Since the second Constitution was an entirely new constitutional order enforced through coercion, there is no reason a third (or fourth or fifth) Constitution could be blocked on constitutional grounds. A third Constitution would not require legitimacy based on the second Constitution any more than the second Constitution required legitimacy based on the first Constitution. Unless there is consensus, as was the case with the first Constitution, any further Constitutions would be acts of secession, as was the case with the second Constitution. The fact that we, nonetheless, accept the second Constitution as legitimate explicitly gives legitimacy to secession itself.

Neither of the constitutional orders were formed without violence. And as the second Constitution was a secession from the Articles of Confederation, the first Constitution was likewise a secession from the British Empire. There is a strong precedence of secession in American history. The Southern states weren’t wrong in affirming this right of secession. The initiation of the Civil War wasn’t done to stop secession. The federal government would not have had public support for attacking the Confederacy, if Southern rebels had not first attacked the federal government in shooting cannons at Fort Sumter. Without that initial act of violence, the South probably would have successfully seceded and so would have set a new precedent for peaceful secession.

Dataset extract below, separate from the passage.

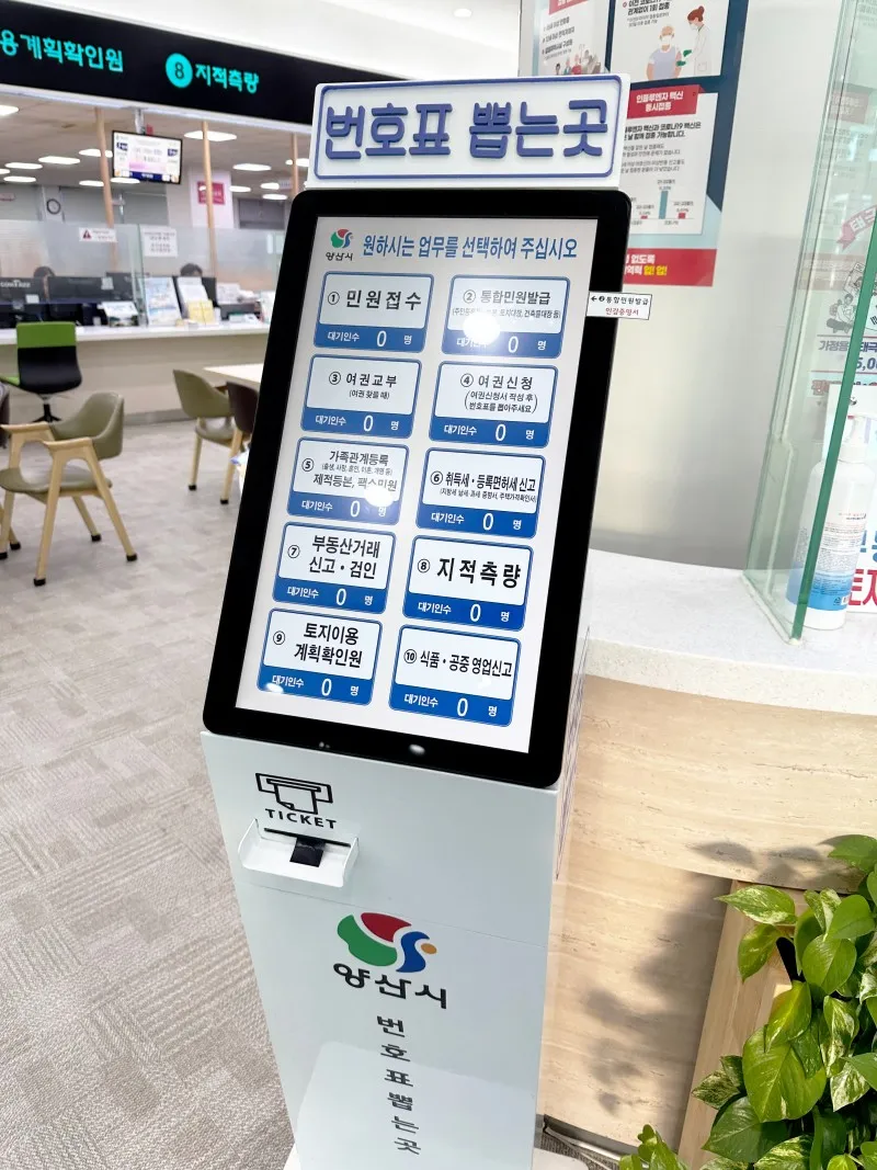 소통민원실에 들어오면 번호표 뽑는 기계가 있는데

Secession had long been part of American thought. Leaders in the Northern states had earlier discussed secession as well. That was one of the original rights of the Articles of Confederation, that the union was an agreement freely joined according to consensus of all states. The states were considered independent. That is why they were called states, in the sense of being nation-states in a union. Democracy was assumed to operate within the separate (nation-)states, as the federal government was intentionally constrained. The federal government served the states, as the states served their citizenry, not the other way around.

Ultimate authority exist within the public mandate of each local citizenry. A state seceding from the United States, as such, is no different than secession of the UK from the European Union. This is what it means to be part of a free society where citizens are free to choose their own government.

* * *

* Quoted in a comment at the Civil War Talk forum.

St. George Tucker was an American Revolution veteran, slave emancipation advocate, law professor, respected legal scholar, and federal judge. He wrote View of the Constitution, the first detailed commentary on the U.S. Constitution after its ratification, and Commentaries that became the most important text on early American law.

He was an Anti-Federalist (i.e., true Federalist) and a strong believer in Natural Rights. His defense of the Second Amendment was not in favor of individual rights but states rights, that is to say he saw the purpose of the public owning a gun not as a justification for vigilantism but as a way for citizens to protect their freedom against authoritarianism (Saul Cornell, St. George Tucker and the Second Amendment: original understandings and modern misunderstandings).